If financial leaders act urgently to increase climate investments they could unlock a $1tr-a-year growth opportunity that would create hundreds of millions of jobs and protect lives, according to three reports on Thursday.
Two separate alliances of finance ministers called for climate finance to be magnified to the 2035 target of $1.3tr a year set by last year’s COP 29 climate summit.
Meanwhile, a consortium of 20 thinktanks, NGOs and universities said investment in climate resilience and nature projects could create more than 280m jobs in emerging and developing countries by 2035, boosting the most vulnerable states’ economies by as much as 15%.
The COP 30 Circle of Finance Ministers, coordinated by Fernando Haddad, Brazil’s finance minister (pictured), set out five priorities which it will present at the summit in Belem in November.
It said mobilising finance to hit $1.3tr would require “structured and sustained efforts” by public and private bodies. Its top priority is to scale up concessional finance and make best use of climate funds. The other four are: reform multilateral development banks; boost domestic capacity for climate finance; find ways to mobilise private capital; and strengthen regulation of climate finance.
The Circle, which includes countries as diverse as the UK and the Marshall Islands, said inaction on climate change disproportionately exposed the most vulnerable populations — which had contributed least to emissions — to “escalating climate risks”.
“Every year of delayed climate action raises both the investment needed and the risks faced,” the ministers said. “Urgent and coordinated action is indispensable to safeguard lives, livelihoods and sustainable growth.”

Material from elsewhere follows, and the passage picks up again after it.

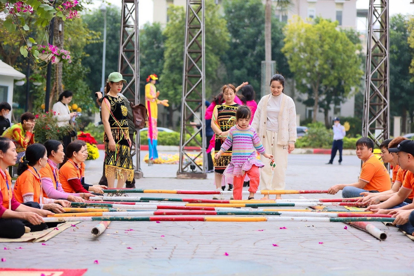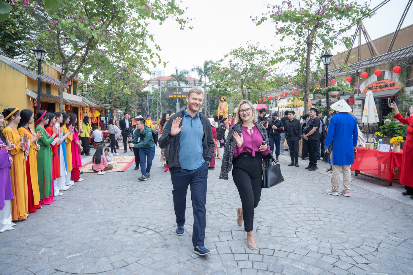 Nhiều bạn trẻ diện áo dài rực rỡ, check-in tại phố đi bộ Pont de Long Biên. Tiếp nối phố đi bộ Pont de Long Bien, tuyến phố Văn Hiến mới đi vào hoạt động cũng gia tăng không gian và trải nghiệm của du khách với những hoạt động hấp dẫn khác. Gần 50 gian hàng bao gồm: ăn uống, thủ công mỹ nghệ, quà tặng lưu niệm, hàng nông sản, hàng hóa Tết… phục vụ du khách từ nay đến hết ngày 14/2.

Meanwhile, the older 70-strong Coalition of Finance Ministers for Climate Action issued a strong case for the economic benefits of tackling global warming.
They said the pro-climate policies Coalition members had enacted had enabled their economies to seize opportunities from the transition to a low carbon, climate-resilient economy.
“Climate action is central to both economic stability and development,” said Matia Kasaija, Ugandan finance minister and co-chair of the Coalition. “Finance ministries [are] playing a more pertinent role in climate policies — aligning fiscal policy with climate priorities… and working towards a more predictable environment for unlocking the investment needed.”
The Coalition has published a database of more than 500 climate policy actions by member countries. It showed that two thirds of countries were scaling up green bonds, emissions trading systems and blended finance to mobilise private capital for climate action. One in seven was integrating climate risks into public financial management while one in 10 was introducing carbon taxes, phasing out harmful subsidies and expanding clean energy incentives.
“By aligning fiscal and general financial policies with climate objectives, we can create clear, predictable frameworks that attract investment, support innovation and ensure the transition strengthens — not destabilises — our economies,” said Marko Primorac, incoming co-chair and Croatia’s finance minister.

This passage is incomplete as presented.